- Location: Georgia
- Nearest city: Rustavi
- Coordinates: 41°27′11″N 45°01′21″E﻿ / ﻿41.45306°N 45.02250°E
- Area: 34.84 km^{2} (13.45 sq mi)
- Established: 1996
- Governing body: Agency of Protected Areas
- Website: Tbilisi National Park Administration

= Gardabani Managed Reserve =

Protected nature area in Georgia

Gardabani Managed Reserve (გარდაბნის აღკვეთილი) is a protected area in Gardabani Municipality and Marneuli Municipality in Kvemo Kartli region of Georgia. Reserve is located on the left bank of Mtkvari river near the Azerbaijan border at a distance of 39 km from Tbilisi. It protects floodplain forest groves as well as local fauna.
It has been considered to be included into Ramsar Convention list of Wetlands of international importance.
Gardabani Managed Reserve is part of the Georgian protected areas system which also includes Tbilisi National Park, Saguramo Range, Gldani, Martqopi, Gulele.

Reserve offers opportunities for bird watching, animal watching and botanical and ecological tours.

== History ==
Reserve resides in historical region of Kakheti. On Iori Plateau near the Gardabani Managed Reserve numerous archaeological sites of past settlements has been discovered dated back from the Eneolithic period to Early Iron Age. Most prominent cultural monument in this area, the David Gareja monastery complex, is located across the border in the territory of Azerbaijan.

== Flora ==
Reserve floodplain forest main specimens of trees are gray poplar (Populus × canescens), black poplar (Populus nigra), white willow (Salix alba), aspen (Populus tremula), long stalk oak (Quercus longipes), Wych elm (Ulmus glabra) and field elm (Ulmus minor). Shrubs are represented by hawthorn Crataegus heterophylla, tamarisk, cornel (Cornus mas), elder (Sambucus), and butcher's broom (Ruscus aculeatus). Floodplain forest also has variety of lianas such as Clematis, silk vine (Periploca graeca) and common hop (Humulus lupulus). Forest quickly transition into steppe primarily grown with nipplewort (Lapsana).

== Fauna ==
The kingdom of vertebrates is represented in reserve and Mtkvari River by 21 species of fishes, 4 species of amphibians, 4 species of reptiles, 135 species of birds and 26 species of mammals.

Included into Red List of Georgia is red deer (Cervus elaphus). There are also specimens of other mammals such as wild boar, hare, jackal, red fox, jungle cat, badger, and marten.
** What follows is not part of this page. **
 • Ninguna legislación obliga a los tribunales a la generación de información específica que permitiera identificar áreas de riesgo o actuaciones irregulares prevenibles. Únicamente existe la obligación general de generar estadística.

Included into Red List of Georgia are species of birds: white-tailed eagle (Haliaeetus albicilla), eastern imperial eagle (Aquila heliaca), Egyptian vulture (Neophron percnopterus), greater spotted eagle (Aquila clanga), Levant sparrowhawk (Accipiter brevipes) and saker falcon (Falco cherrug).
There are also specimens of hoopoe, magpie, common blackbird (Turdus merula), chaffinch, European goldfinch (Carduelis carduelis) and nightingale.
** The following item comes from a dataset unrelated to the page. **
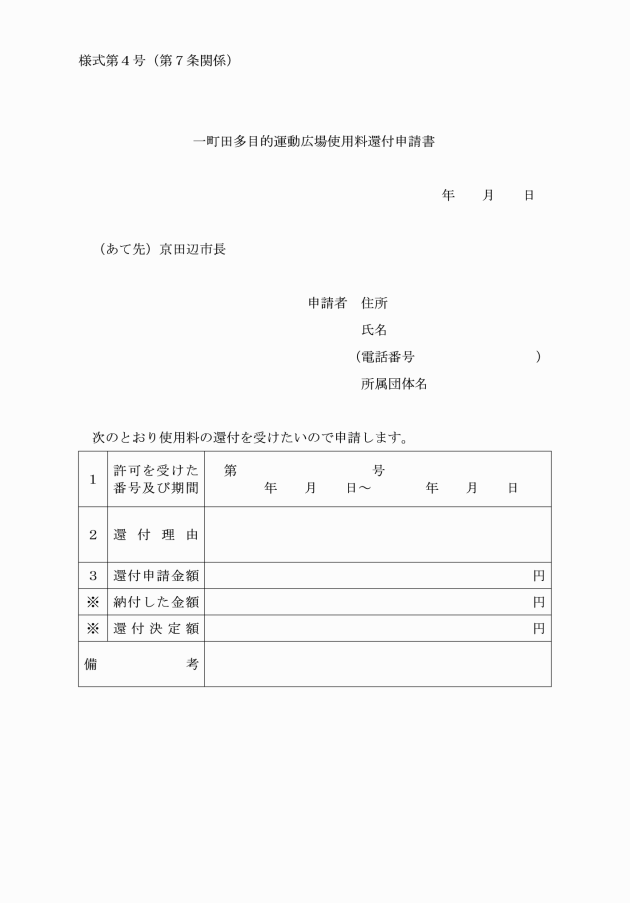 第7条 使用料の還付を受けようとする者は、一町田多目的運動広場使用料還付申請書(別記様式第4号)を市長に提出しなければならない。
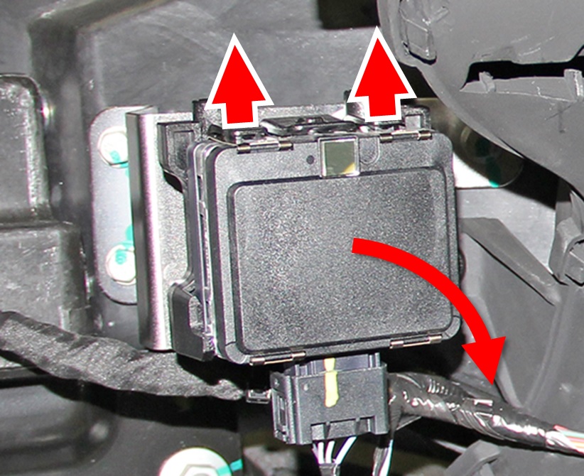 NoteThe following image shows the electrical connector still connected to the bottom of the radar sensor.

Included into Red List of Georgia are species of fish: Wels catfishes (Silurus glanis), Black Sea roach (Rutilus frisii) and Aral spined loach (Sabanejewia aurata). There are also silver bream (Blicca bjoerkna transcaucasica) and many carps (Cyprinus carpio), common breams (Abramis brama), Caucasian goby (Ponticola constructor), and common barbel (Barbus barbus).

Reptiles represented by several species of lizards and by Greek tortoises, and also variety of snakes: vipers, grass snakes, and four-lined snake (Elaphe quatuorlineata).